Running libfabric performance tests:

 1
 2
 3
 4
 5
 6
 7
 8
 9
10
11
# Server node
fi_rdm_tagged_pingpong -p verbs

# Client node
fi_rdm_tagged_pingpong -p verbs <server-ip>
# Output:
# bytes   #sent   #ack   total   time     MB/sec   usec/xfer   Mxfers/sec
# 8192    1000    0      4.3m    0.01s    8103.21  1.01        0.99

# Test over shared memory provider (intra-node)
fi_rdm_tagged_pingpong -p shm

libfabric is ideal for developers building portable HPC applications and for organizations that need to support heterogeneous fabric environments. It’s the foundation of MPICH’s OFI networking layer and is increasingly used in distributed storage systems like DAOS.

RDMA Network Topology Comparison

Understanding your fabric topology is critical for performance tuning. Here’s how each tool helps:

rdma-core — Fabric discovery:

1
2
3
4
5
6
7
8
9
# Discover the entire InfiniBand fabric topology
ibnetdiscover

# Generate a topology graph
ibnetdiscover -f /tmp/fabric-topology.dot
dot -Tpng /tmp/fabric-topology.dot -o fabric-topology.png

# Check for slow links or errors
ibdiagnet --lw 1x --pm_pause_time 300

perftest — Hop-by-hop latency measurement:

1
2
3
4
5
# Measure latency to each switch hop
for gid in $(ibroute mlx5_0 | grep GidOut | awk '{print $NF}'); do
    echo -n "Hop to $gid: "
    ib_send_lat -d mlx5_0 -F -n 100 $gid 2>/dev/null | grep "t_avg"
done

libfabric — Provider-level topology:

1
2
3
4
5
# Query fabric domain attributes
fi_info -p verbs -v | grep -E "domain|fabric"

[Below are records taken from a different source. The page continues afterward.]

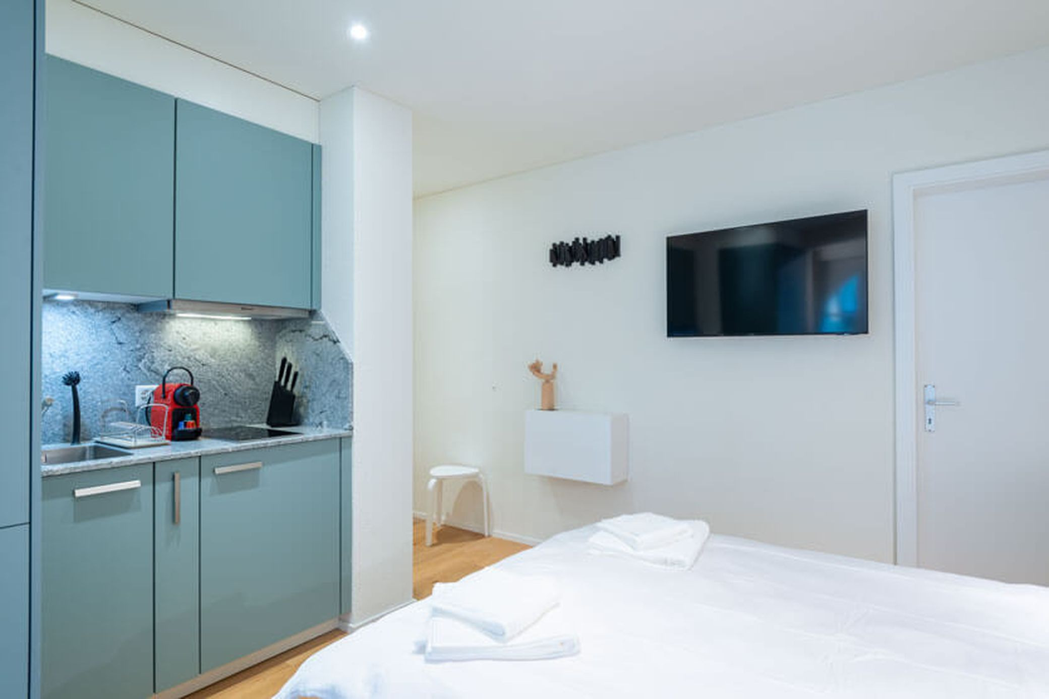 Das Studio Apartment namens "Cranberry II" ist eine Lösung für Ihren Geschäftsaufenthalt in Zürich. Das möblierte Studio Apartment hat 1 Zimmer und bietet auf 18 m2 den höchsten Wohnkomfort an. Das Studio in Zürich Oerlikon kann maximal zwei Personen beherbergen, verfügt über ein geräumiges Wohn-Schlafzimmer mit Doppelbett und eine eigene, komplett ausgestattete Küche. Das Badezimmer bietet neben der gewöhnlichen Ausstattung mit Dusche und WC auch Hygieneartikel und einen Haartrockner an.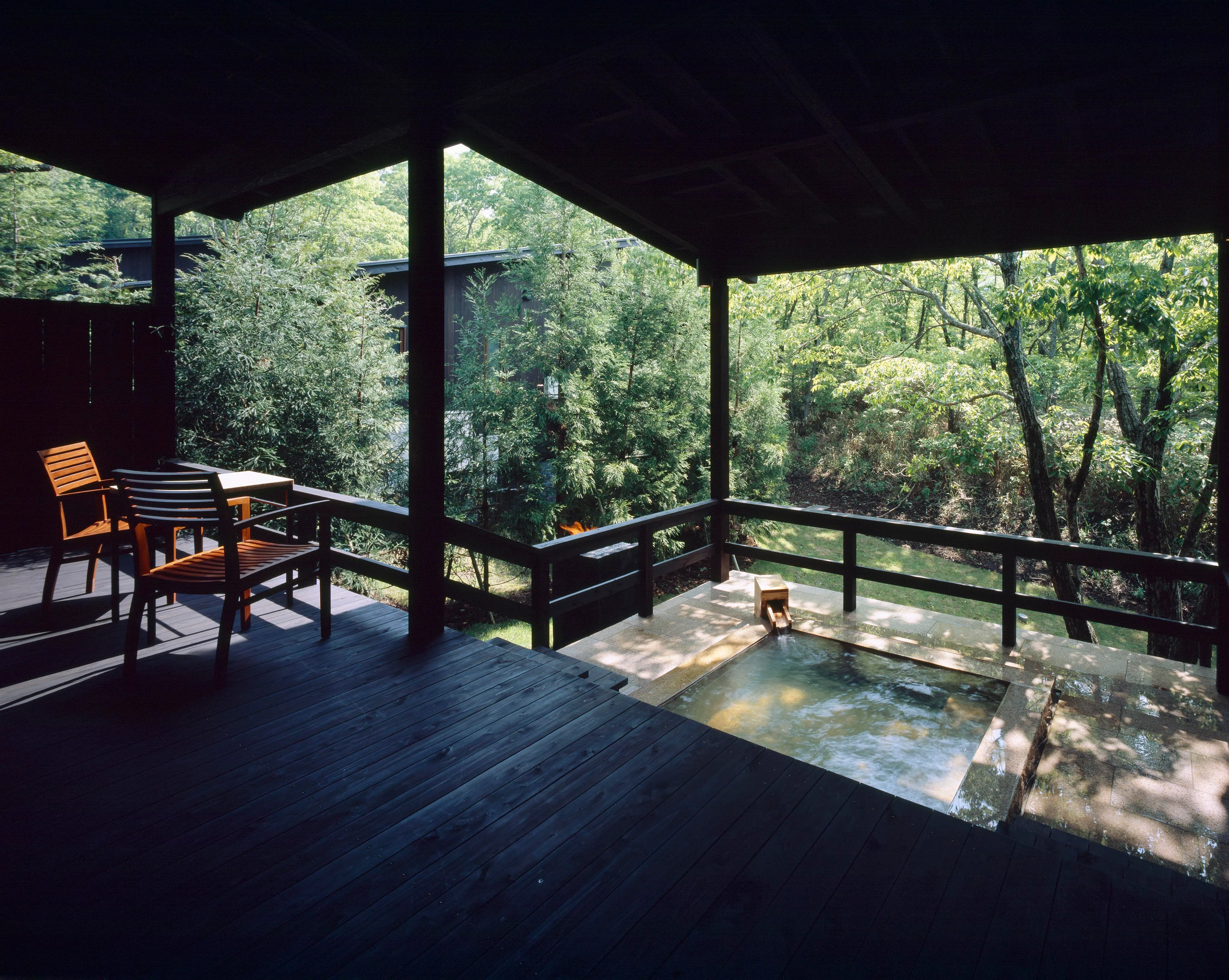 木漏れ日を感じながらの朝風呂は格別です。テラスの湯船に身をゆだね、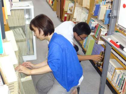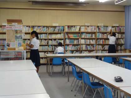 放課後、図書館コーディネーターの方に来ていただき、2年生の文化委員と担当の先生で図書室の本の冊数を数えました。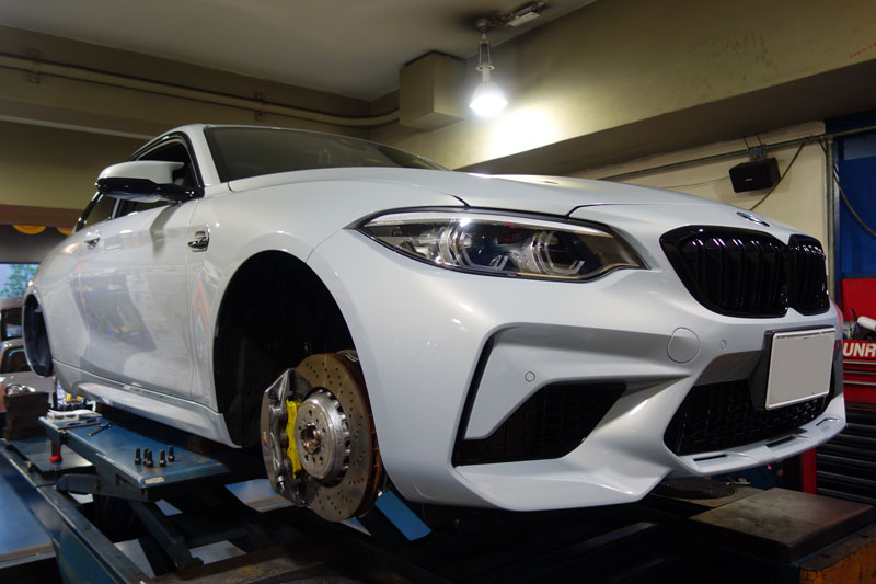 デモカーM2 Competitonを早速サーキットで走らせるために、ブレーキパッド・ブレーキフルードの交換作業を行いました。BMWでサーキットを走る場合ブレーキパッド交換とブレーキフルードは必須作業となります。ノーマルブレーキパッドでは数周であっという間にブレーキはオーバーヒートしてしまい止まらなくなります。恐

# Map processes to NUMA-optimal providers
fi_info -p verbs --filter="domain=mlx5_0" --filter="numa_node=0"

Why Self-Host Your RDMA Infrastructure

Building and managing your own RDMA infrastructure gives you complete control over network performance characteristics that cloud providers abstract away. In RDMA environments, every microsecond of latency and every gigabit of bandwidth matters — cloud abstractions that add even 5-10 microseconds of overhead negate RDMA’s primary advantage. Running your own fabric lets you optimize from the application down to the physical link layer.

The open-source RDMA tooling ecosystem is mature and production-hardened. The Linux kernel’s RDMA subsystem has been stable for over a decade, and tools like rdma-core and perftest are used in production at national laboratories, financial institutions, and hyperscale data centers. The cost of entry is surprisingly accessible — used InfiniBand adapters and switches are available on the secondary market, and RoCE v2 lets you run RDMA over standard Ethernet switches with appropriate NICs.

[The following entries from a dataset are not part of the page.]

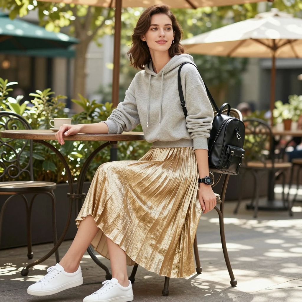 Grab a lightweight cotton hoodie and pair it with a shimmering pleated midi skirt for that mix of street and chic.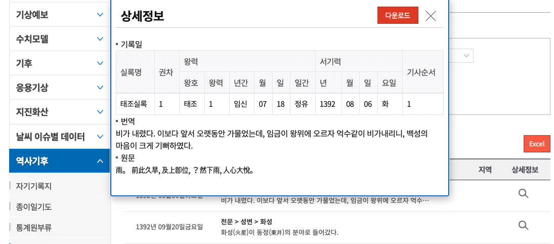 태조실록에 적힌 날씨를 보게 되었음 ㅋㅋㅋㅋㅋㅋㅋㅋ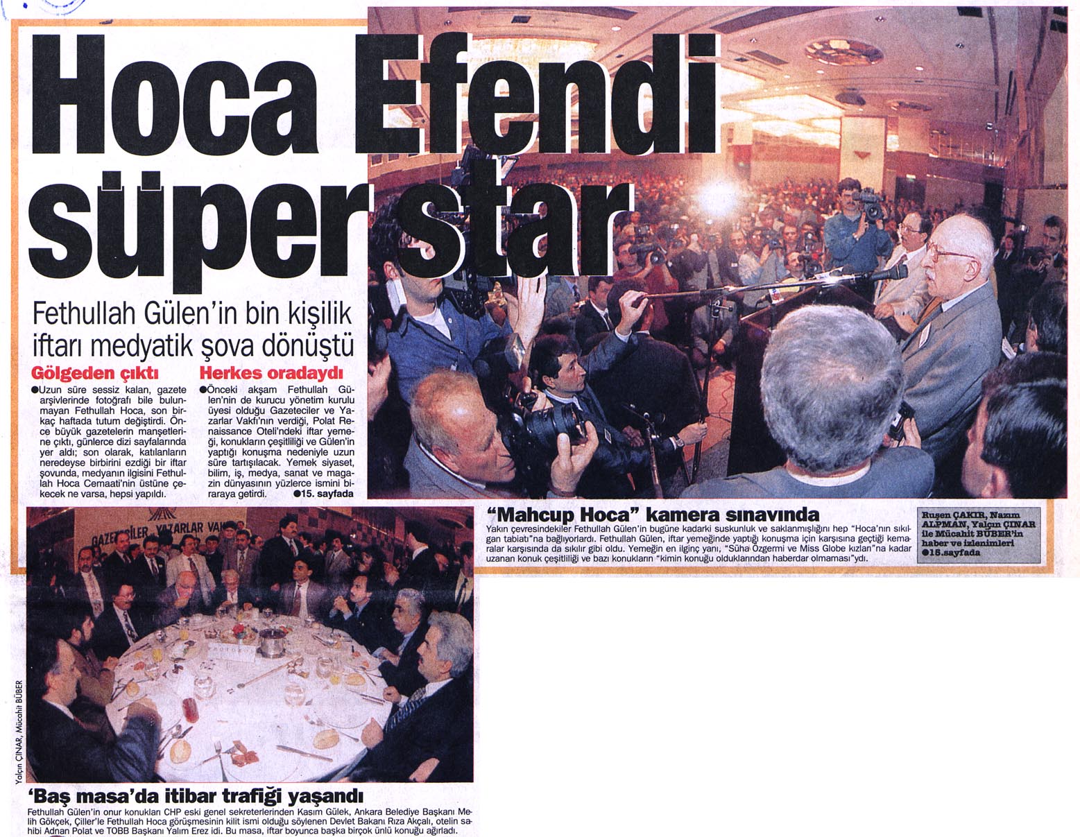 Fethullah Hoca yakın bir zamana kadar medyayla muhatap olmamak için elinden geleni yapmıştı. Ama şimdi o medyanın üstüne üstüne gidiyor. Örneğin iftarda yaptığı konuşmada esas olarak medyaya mesajlar verdi. Gazeteleri, radyoları, televizyonları, toplumun ihtiyacı olduğunu söylediği, “değişik kesimleriyle kaynaşma, bütünleşme, birleşme, uzlaşma ve her hususta konsensus”u tesis etmeye çağırdı. Aynı çağrısını, iftardan sonra özel bir odada sohbet ettiği köşe yazarlarına tekrarladı.

For organizations running HPC workloads, our HPC MPI implementations guide covering OpenMPI, MPICH, and MVAPICH builds on the RDMA foundation — MPI libraries use Verbs and libfabric as their transport layer. For measuring end-to-end application performance, our network performance measurement guide with perfSONAR, iPerf, and SmokePing provides the higher-layer monitoring that complements RDMA-level benchmarks. For containerized HPC environments, our HPC container runtimes comparison shows how to preserve RDMA performance within containers using Apptainer, Charliecloud, and Podman.

FAQ

Do I need InfiniBand hardware to use RDMA?

No — while InfiniBand is the traditional RDMA fabric, RoCE v2 (RDMA over Converged Ethernet) allows RDMA over standard Ethernet networks with compatible NICs. Many modern NICs from NVIDIA/Mellanox (ConnectX series), Intel, and Broadcom support RoCE. You can also use SoftRoCE (RXE) — a software RDMA implementation included in rdma-core — for development and testing without RDMA-capable hardware at all.

What’s the difference between the Verbs API and libfabric?

The Verbs API (provided by rdma-core’s libibverbs) is the low-level, hardware-specific interface that directly maps to RDMA adapter capabilities. libfabric provides a higher-level, provider-agnostic API that can run over Verbs, TCP, shared memory, and other transports. Use Verbs when you need maximum performance on known hardware; use libfabric when you need portability across transport types or are building on existing libfabric-based middleware like MPICH.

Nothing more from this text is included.